Czech ice hockey player (born 1983)

Lukáš Krajíček (/cs/, born March 11, 1983) is a Czech former professional ice hockey defenceman. He has previously played in the National Hockey League (NHL) for the Florida Panthers, Vancouver Canucks, Tampa Bay Lightning and Philadelphia Flyers, in the Kontinental Hockey League (KHL) for HC Dinamo Minsk and for HC Oceláři Třinec of the Czech Extraliga (ELH).

==Playing career==
Krajíček played major junior in the Ontario Hockey League (OHL) with the Peterborough Petes. He posted 35 points in his draft year and was chosen in the first round, 24th overall, by the Florida Panthers in the 2001 NHL entry draft. He remained with the Petes for another two seasons and improved to 53 points in 52 games in 2002–03, his final year of junior.

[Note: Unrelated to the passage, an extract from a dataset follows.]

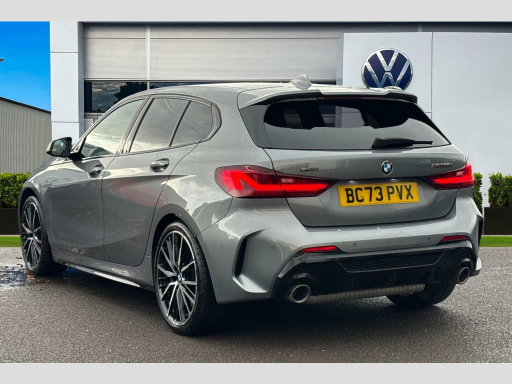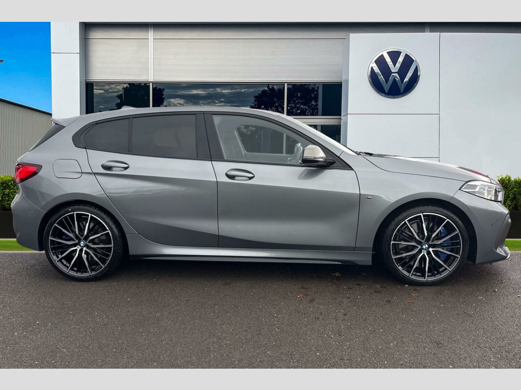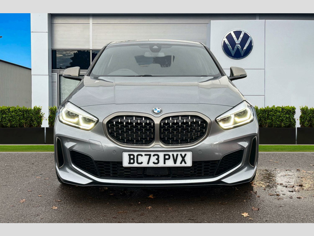 Harman Kardon Surround Audio Sound System, 19in Alloy Wheels - M Double-Spoke Style 552 - Bi-Colour, Sun Protection Glass, Sun Protection Glazing, M135i Pro Pack, Trigon Cloth-Alcantara - Anthracite, 12V Power Socket in Centre Console Front with Blanking Plug, 18in Alloy Wheels - M Double-Spoke Style 556 - Bi-Colour, Active Guard Plus, Air Conditioning Automatic with Two-Zone Control, Airbags, Alarm System - Thatcham 1 with Remote Control and Engine Immobiliser, Armrest - Front Centre, Attentiveness Assistant, Automatically Dimming Rear View Mirror, BMW Connected Package Professional, BMW ConnectedDrive Online Services, BMW Emergency Call, BMW Live Cockpit Professional, BMW Mobility Tyre Sealing System, BMW TeleServices, Bluetooth - Audio Streaming - with Compatible Devices, Bluetooth Hands Free with USB Audio Interface, Bumper System Front and Rear - Replaceable Deformation Elements for Impacts Up to 9mph, Central Locking Switch - Doors - Fuel Filler Cap - Luggage Compartment, Check Control Warning System for Monitoring of Lights and Door-Luggage Compartment Open Warning, Child Seat ISOFIX Attachment For The Two Outer Rear Seats And Front Passenger Seat, Childproof Locking System - Rear Doors and Electric Windows, Crash Sensor, Cruise Control with Brake Function and Speed Limiter, Cupholders - Two Front Centre Console, DAB Digital Radio, DSC - Dynamic Stability Control Plus, Dead-locking Function System to all Doors, Direction Indicator Side Lights Integrated in Exterior Mirrors, Door Sill Finishers with M135i Designation - Front Only, Drive Performance Control with ECO PRO and Comfort Modes, Drive-Away Locking System on All Doors-Luggage Compartment - Can Be De-Activated in iDrive Settings, ECO PRO Mode, EPS - Electric Power Steering, Electric Handbrake, Electric Windows - Front and Rear with Open-Close Fingertip Control - Trap Release and Child Lock Function, Exhaust Tailpipe - Cerium Grey with Bevelled Finish - Twin - Round 100mm - Left and Right Split, Extended Lighting, Extended Storage, Exterior Mirrors - Electrically Folding with Anti Dazzle, Exterior Parts in Body Colour, Exterior Trim - High Gloss Shadowline, First Aid Kit and Warning Triangle, Floor Mats - Velour, Front M Sport Seats, Front Windscreen Wipers with Integrated Washer Jets, Glove Box with Light, Grab Handles - Integrated in Roof Linings - Four, Headlining - Anthracite, Heat Protection Glazing with Green Tint, HiFi Loudspeaker System, High Level Third Brake Light, Illuminated Boston Interior Trim, Instrument Panel - Top Section, Integrated Owners Handbook - Within iDrive Menu, Interior Lighting, Kidney Grille in Cerium Grey with Mesh Design, LED Headlights, Larger Capacity Fuel Tank, Launch Control, Locking Wheel Bolts, Luggage Compartment Package, M Logo Designation - Side - Cerium Grey, M Performance Exhaust System with Valve Control and Minimised Exhaust Back Pressure, M Rear Spoiler, M Seat Belts, M Sport Aerodynamic Package, M Sport Brakes with Blue Calipers, M Sport Steering, M Sport Steering Wheel, M Sport Steering with M135i xDrive Specific Settings, M Sport Suspension, Mirror Caps - Cerium Grey, Model Designation on Electric Bootlid, Multifunction Controls for Steering Wheel, OBC - On-Board Computer, Oil Sensor For Level and Grade, Optimum Shift Indicator, PDC - Park Distance Control - Front and Rear, Performance Control, Personal Profile, Preparation For High-Beam Assistant, Rain Sensor with Automatic Headlight Activation, Rear Fog Light, Rear Seat Backrest with Manual 60-40 Split Folding with 3 Top Tether Clips Integrated on Rear of Seat Panels, Rear Seat Headrests - Three, Rear Window Wiper, Remote Control Key x2, Reversing Light in Rear Light Clusters, Seat Belt Security Check for Driver and Front Passenger, Seat Belt Warning if Driver Starts Ignition without Putting on Seatbelt, Seat Heating for Driver and Front Passenger, Servotronic Steering, Shark Fin, Side Armrests - Front and Rear Integrated into Door Trim, Side Impact Protection, Start-Stop Button - Illuminated in Centre Console with Keyless Engine Start and Auto Start-Stop Deactivation Button, Steering Column with Manual Reach and Rake Adjustment, Steering Wheel - Gearshift Paddles, Storage Features, Sun Visors with Vanity Mirrors and Insert Tab, TPMS - Tyre Pressure Monitoring System, Three-Point Seat Belts - All Seats, Two Tone Horn, Tyres - Reduced Rolling Resistance, Visible VIN, Welcome Light

Krajíček split the 2003–04 season between the Panthers and their American Hockey League (AHL) affiliate, the San Antonio Rampage, then played the entirety of 2004–05 with the Rampage due to the NHL lockout. When he returned, he earned a full-time roster spot with the Panthers and posted 16 points in 67 games.

In the off-season, Krajíček was involved in a blockbuster multi-player trade that sent him, Roberto Luongo, and a sixth-round draft pick in 2006 to the Vancouver Canucks for Todd Bertuzzi, Alex Auld, and Bryan Allen. He matched his 16-point output of the previous season with the Canucks in 2006–07, but had his second season in Vancouver shortened due to injury.

On October 6, 2008, Krajíček was traded along with prospect Juraj Šimek to the Tampa Bay Lightning for Michel Ouellet and Shane O'Brien.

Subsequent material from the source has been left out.